0
votes

i'm getting a limitation with cmdlet of Azure Datalake gen2:

https://docs.microsoft.com/en-us/azure/storage/blobs/data-lake-storage-directory-file-acl-powershell

I'm using this cmdlet:

Get-AzDataLakeGen2ChildItem -Context $ctx -FileSystem $filesystemName -Path $dirname -Recurse -FetchProperty

to get all file and folder ACL from root but it has 5000 object limitation and it show this message when i run it to a folder with more than 5000 object:

enter image description here

basically, with that token i can continue from the last extracted(manually is crazy to do becouse maybe we have million file on datalake).

Is possible to avoid it or to loop in some way?

Here the script that i'm using(it works fine, i don't report all file ma only folder from root):

    $dir = Get-AzDataLakeGen2ChildItem -Context $ctx -FileSystem "datalake" -Recurse -FetchProperty 


$FileOutdtk = "C:\Temp\file.csv"
Clear-Content $FileOutdtk

Add-Content $FileOutdtk ('"Path"^"IsDirectory"^"Owner"^"DisplayName Owner"^"Owner Permissions"^"Group"^"DefaultScope"^"AccessControlType"^"EntityId"^"DisplayName Gruppo"^"PermissionsACL"')

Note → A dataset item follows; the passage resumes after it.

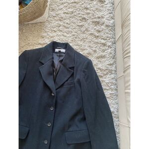 Anne Klein Classics Coat Wool Black Herringbone Mid Length Womens 14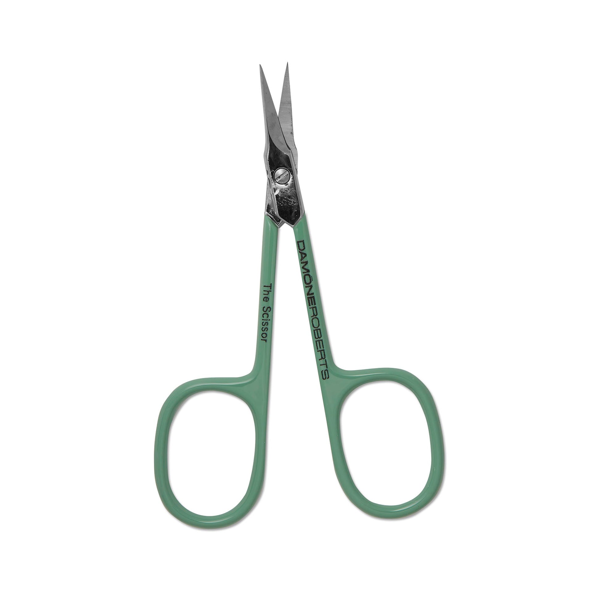 A handcrafted steel scissor with an angled tip to maintain and remove hair.

foreach ($directory in $dir) {  



           if($directory.IsDirectory -eq $true){
            if($directory.Owner -imatch "superuser"){


           foreach ($ACLs in $directory.ACL){


                    if($ACLs.EntityId -eq $null ){

                    Add-Content $FileOutdtk ('"' + $directory.Path + '^' + $directory.IsDirectory + '^' + $directory.Owner + '^' + "" +  '^' + $directory.Permissions.Owner + '^' + $directory.Group + '^' + $ACLs.DefaultScope + '^' + $ACLs.accesscontroltype + '^' + $ACLs.EntityId + '^' + "" + '^' + $ACLs.Permissions + '"')

                    }
                    else{
                    $GruppiEntityId = Get-AzureADGroup -ObjectId $ACLs.EntityId

                    Add-Content $FileOutdtk ('"' + $directory.Path + '^' + $directory.IsDirectory + '^' + $directory.Owner + '^' + "" + '^' + $directory.Permissions.Owner + '^' + $directory.Group + '^' + $ACLs.DefaultScope + '^' + $ACLs.accesscontroltype + '^' + $ACLs.EntityId + '^' + $GruppiEntityId.displayname + '^' + $ACLs.Permissions + '"')



             }

        }

How i can loop that cmdlet to get up to 5000 object?

Thanks a lot

1

1 Answers

1
votes

If you want to list all items in one Azure data lake gen2 folder, please refer to the following script

$storageAccount = Get-AzStorageAccount -ResourceGroupName "<>" -AccountName "<>"
$ctx = $storageAccount.Context

$fileSystem="test"
$dirName="testFolder"
$Token = $Null
$Max=2000
do{
  $items=Get-AzDataLakeGen2ChildItem -Context $ctx -FileSystem $fileSystem  -Path $dirName -Recurse -FetchProperty  -ContinuationToken $Token -MaxCount $Max
  $items
  if($items.Length -le 0) { Break;}
  $Token = $items[$items.Count -1].ContinuationToken;

}
While ($Token -ne $Null)